The Air-Gap Requirement: Running an Agentic System on Zero External Dependencies

Tessera will never make an API call. Not to OpenAI. Not to Anthropic. Not to any cloud service. The entire system, language model, retrieval infrastructure, knowledge graph, and agentic layer, runs locally on hardware I control.

This is not paranoia. This is architecture.

Why Air-Gap

The corpus contains twenty-three years of my professional and personal life. Client data, financial records, health information, family communications, strategic plans, security assessments. The sensitivity is not hypothetical. If this data were exposed, the consequences would be professional, legal, and personal.

Cloud AI services process data on infrastructure I do not control, in jurisdictions I may not agree with, under terms of service that can change without notice. Some services train on user inputs. Most retain data for some period. All are subject to legal processes that could compel disclosure.

The air-gap eliminates these risks entirely. The data never leaves my machine. The model runs locally. The queries are processed locally. The results are stored locally. There is no attack surface that does not require physical access to the hardware.

The Engineering Challenge

Air-gapping an agentic AI system is harder than it sounds.

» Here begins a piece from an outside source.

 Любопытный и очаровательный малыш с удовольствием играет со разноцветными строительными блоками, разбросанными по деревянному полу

The best language models are cloud-hosted and massive. The best embedding models assume internet connectivity. The best graph databases are designed for server deployments, not laptops.

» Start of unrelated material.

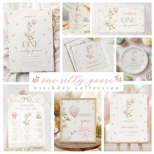 This "ONE Silly Goose" birthday invitation design features a cute goose with a balloon, and a whimsical vintage stripes background with cute pink flowers.

I am using locally hosted open-source models for both language generation and embedding. The trade-off is capability: a local seven-billion-parameter model is not as capable as GPT-4 or Claude. But it is capable enough. For the specific domain of my life and decisions, a smaller model with better retrieval outperforms a larger model with worse retrieval. This is the bet.

The knowledge graph runs on SQLite with a custom graph query layer. Not as performant as Neo4j, but zero dependencies, zero configuration, and a single file that can be encrypted and backed up trivially. The vector index uses FAISS, which runs locally with no external dependencies.

The entire stack, model, retrieval, graph, and agentic layer, fits in sixteen gigabytes of RAM and runs on a modern laptop. It is not fast. But it is private, portable, and completely under my control.

What I Give Up

I give up state-of-the-art generation quality. The local model produces less polished prose than cloud models. It hallucinates more frequently, which is why the verification layer is essential. It handles complex reasoning less reliably.

I gain something more valuable: certainty that my data is mine. That no vendor can access it, no subpoena can compel its production from a third party, and no terms-of-service change can retroactively claim rights to it. In a world where data sovereignty is becoming a strategic asset, this is not a limitation. It is a feature.

The generation quality gap is closing. Open-source models improve every quarter. What was impossible locally two years ago is routine now. What is difficult today will be routine in eighteen months. The architecture is designed for the models that are coming, not just the models that exist.